Look, Michelangelo can paint a masterpiece with substandard tools. But basketball is different in a way that a coach needs gifted players as tools to succeed.
Even if the 2019 Gilas team had a Hall-of-Fame NBA coach, it would still have probably gone 0-5 in the recent World Cup simply because the hastily assembled team lacked world-class performers.
I don't care how much incense Phil Jackson burned or how thick his Sun Tzu wisdom was, but he wouldn't have won 11 rings without Michael Jordan and Scottie Pippen in Chicago and Shaquille O'Neal and Kobe Bryant in Los Angeles.
Red Auerbach is an icon in Boston, but he ain't lighting nine championship cigars without Bill Russell and Bob Cousy.
Coach Pop is a genius but let's not ignore the fact that he had David Robinson, Tim Duncan, Manu Ginobili, Tony Parker, Sean Elliott and Bruce Bowen with which to build a dynasty around.
So why is coaching LeBron, an insecure 250-pound crybaby, being held against Spoelstra?
You tell me.
But this I can tell you. Without LeBron, a then 38-year old Spo guided the the Heat to the playoffs in his first two seasons as top dog.
And in the five years since LeBron conveniently left Miami to tandem with Kyrie Irving in his return to Cleveland, Spo guided the Heat to the postseason twice and missed the 2016-17 playoffs train only by a mere one game.
Spoelstra also weathered the kind of turmoil that would have broken a lesser mortal.

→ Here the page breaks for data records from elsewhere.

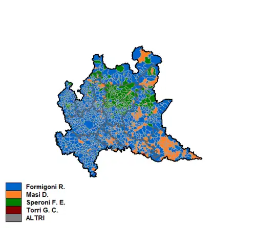 Roberto Formigoni (member of the right-wing of the Italian People's Party, on the list of Forza Italia) was elected President of the Region, defeating Diego Masi (Segni Pact) and Francesco Speroni (Northern League).
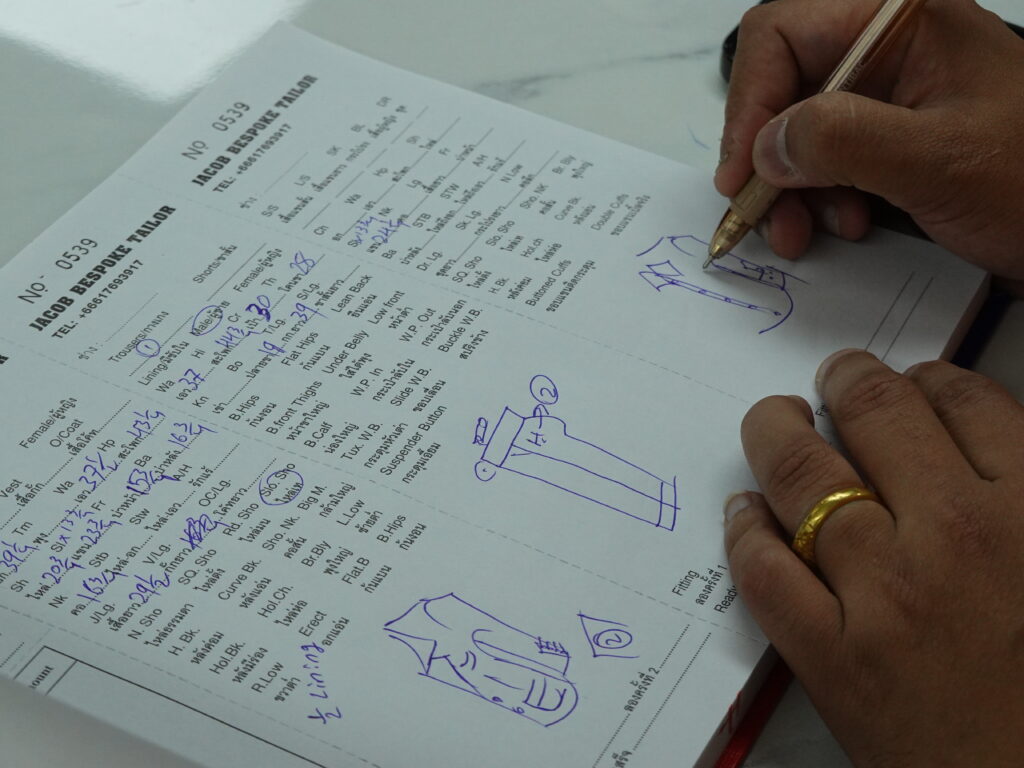 After taking the initial measurements, Navin double-checked the customisation details with me, sketching out elements such as side adjusters, trouser cuffs, and notch lapels. It was a thoughtful, analogue touch that nicely complements the inherently anachronistic nature of bespoke tailoring.
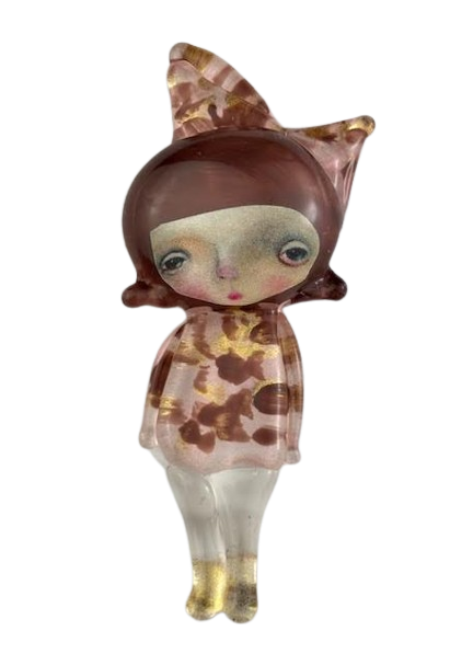 Autorska broszka wykonana z pełnego szkła, wytapiana ręcznie i malowana. Szkło hartowane, najwyższej jakości, bardzo trwałe. Każda z laleczek jest unikatowa - ręcznie malowana, szklana soczewka daje efekt złudzenia optycznego i głębi spojrzenia.
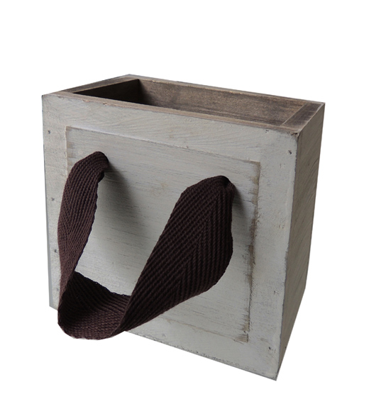 キャーリー紙袋・小グレイ■まるで紙袋のような木製花器です。■お好みのリボンに取り替えていただくこともできます。■ヴィンテージ仕上げとなります。
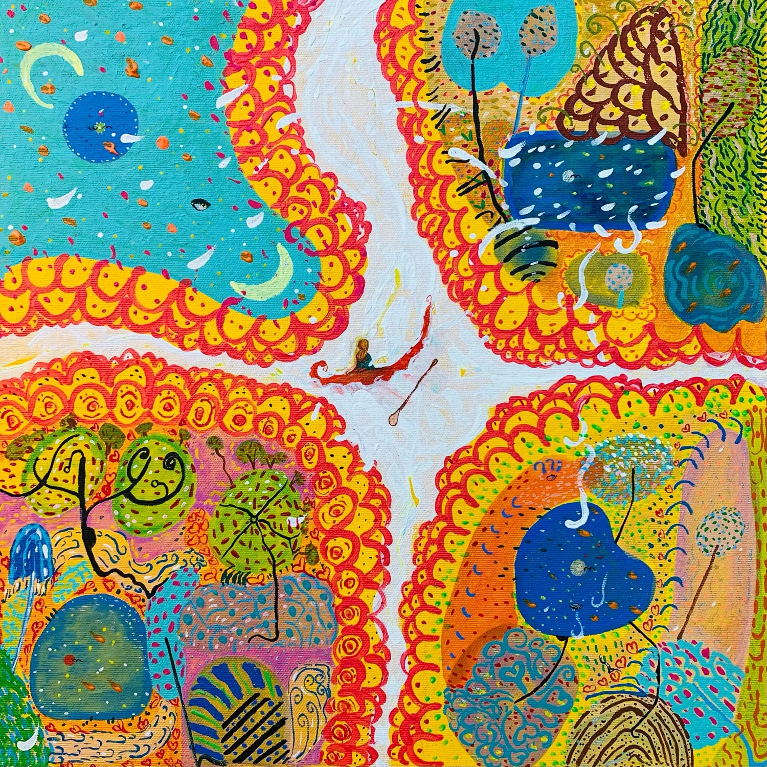 Kavanayén, navigating in the Orinoco river. 2025  Gouache on canvas 11 x 11 in 28 x 28 cm
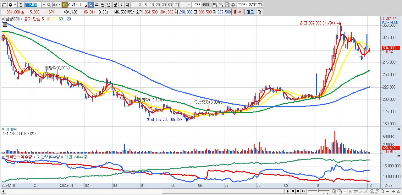 - 삼성SDI (305,000원 ▲ 2.01% , 시총: 245,786억, 외국인 순매수 거래금:88억)
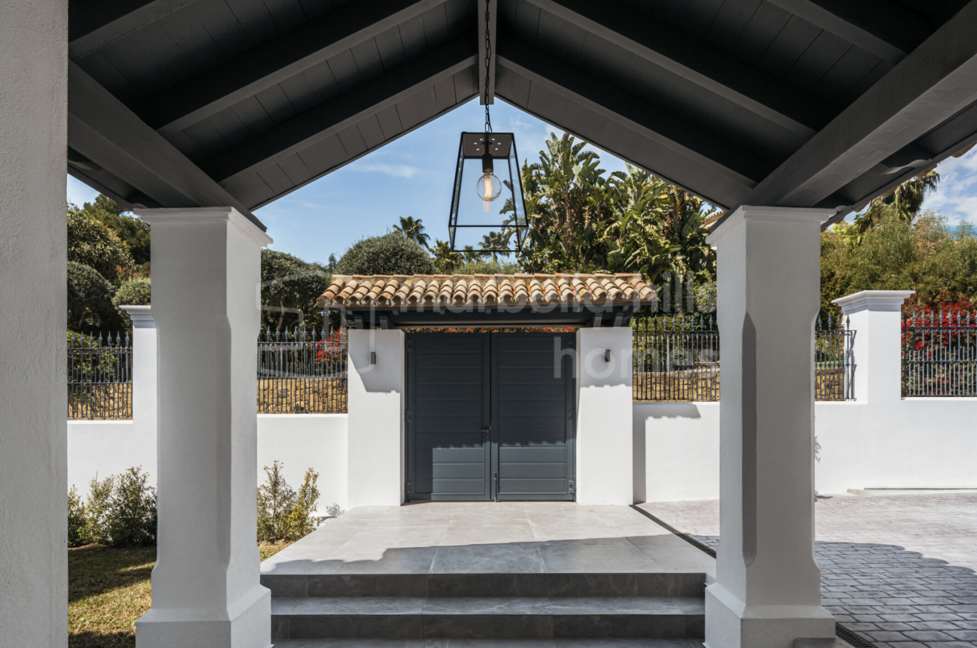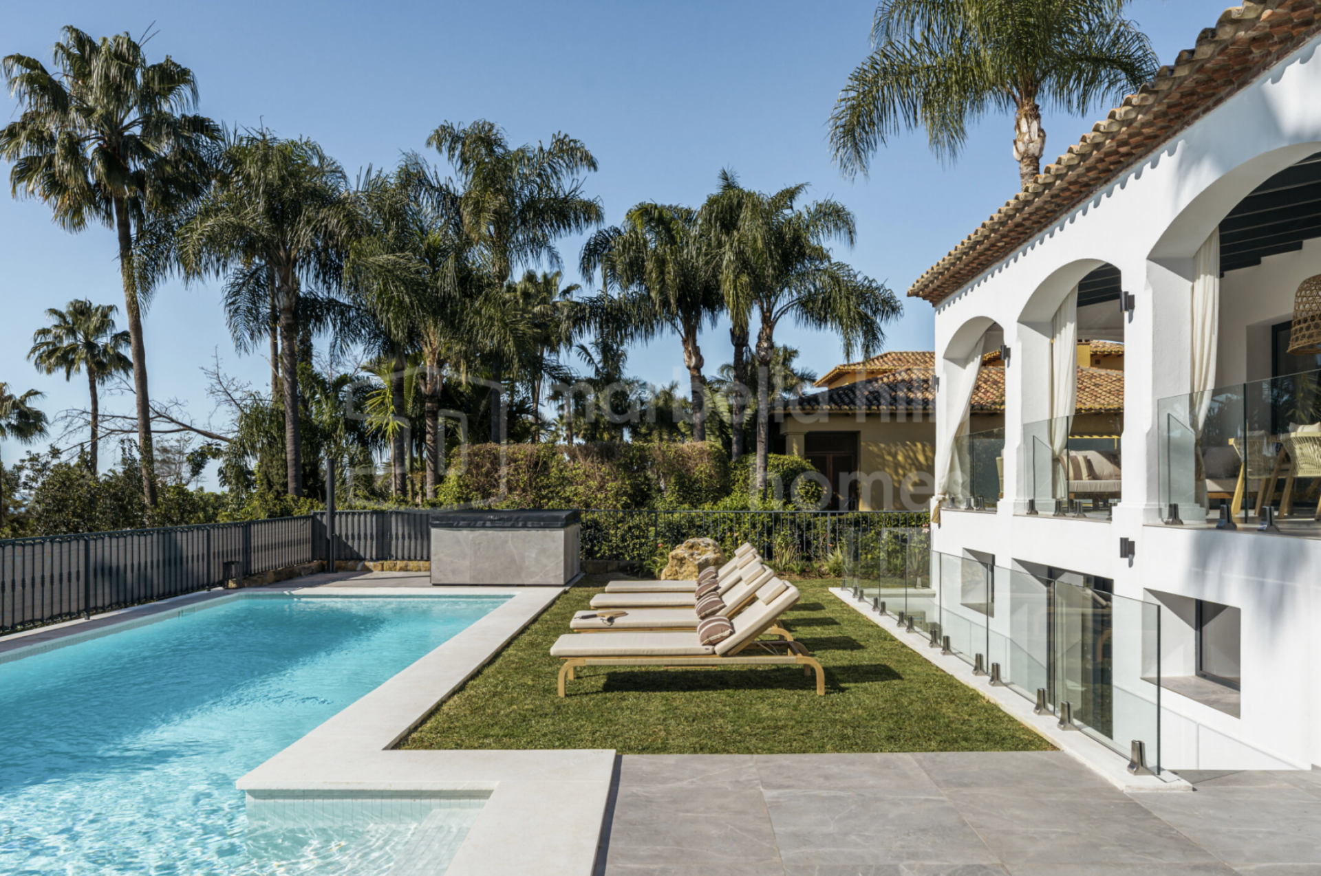 Entdecken Sie einen bezaubernden mediterranen Rückzugsort, der mühelos klassische Eleganz mit moderner Raffinesse verbindet. Auf einem großzügigen Grundstück von über 1.000 m² in der exklusiven bewachten Wohnanlage Altos Reales an Marbellas prestigeträchtiger Goldener Meile gelegen, bietet diese außergewöhnliche Immobilie unvergleichliche Privatsphäre und Ruhe. Die makellos gepflegten, üppigen Gärten bilden eine idyllische Kulisse mit privatem Pool und entspannendem Whirlpool im Freien – ein perfekter Rückzugsort für erholsame Tage und ruhige Abende.
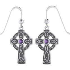 The Celtic Cross has become one of the foremost symbols of Celtic heritage in modern times. Though its origins are well-known, the meaning behind the distinct design is varied and ambiguous. Generally accepted as a blend of the Celtic and Christian cultures, the Celtic Cross is universally appealing. These traditional Celtic Cross earrings, crafted in sterling silver and adorned with synthetic gemstone accents, are a beautiful statement of Celtic pride, faith, and unity. Meticulously crafted from fine sterling silver, the Celtic Knotwork Cross Silver Earrings with Gemstones showcase the beauty of Celtic tradition.

He lost Chris Bosh to blood clots, dealt with the drama of Dwyane Wade's departure, return and eventual retirement tour, and Spo had to constantly appease the mercurial Hassan Whiteside, a man-child who was mercifully traded to Portland this past July.
Harold Kushner penned a 1981 best-seller about "bad things" happening to "good people."
That unfair life reality doesn't apply to coach Spo.
In June 2016, Spo bought a 5,400-square foot mansion worth $2.6 million at Coconut Grove, home of Miami's rich and famous. A month later, he married former Miami Heat cheerleader and the love of his life, Nikki Sapp.
In March of 2018, Spoelstra became a father for the first time when Santiago Ray - a six-pound, eight-ounce, and 19- inch bundle of joy - was born.
And now, he has a new contract, a validation of his splendid body of work. As an added bonus, he gets to oversee the remaining prime years of All-Star acquisition Jimmy Butler.
Burn the book. Good things do happen to good people, too.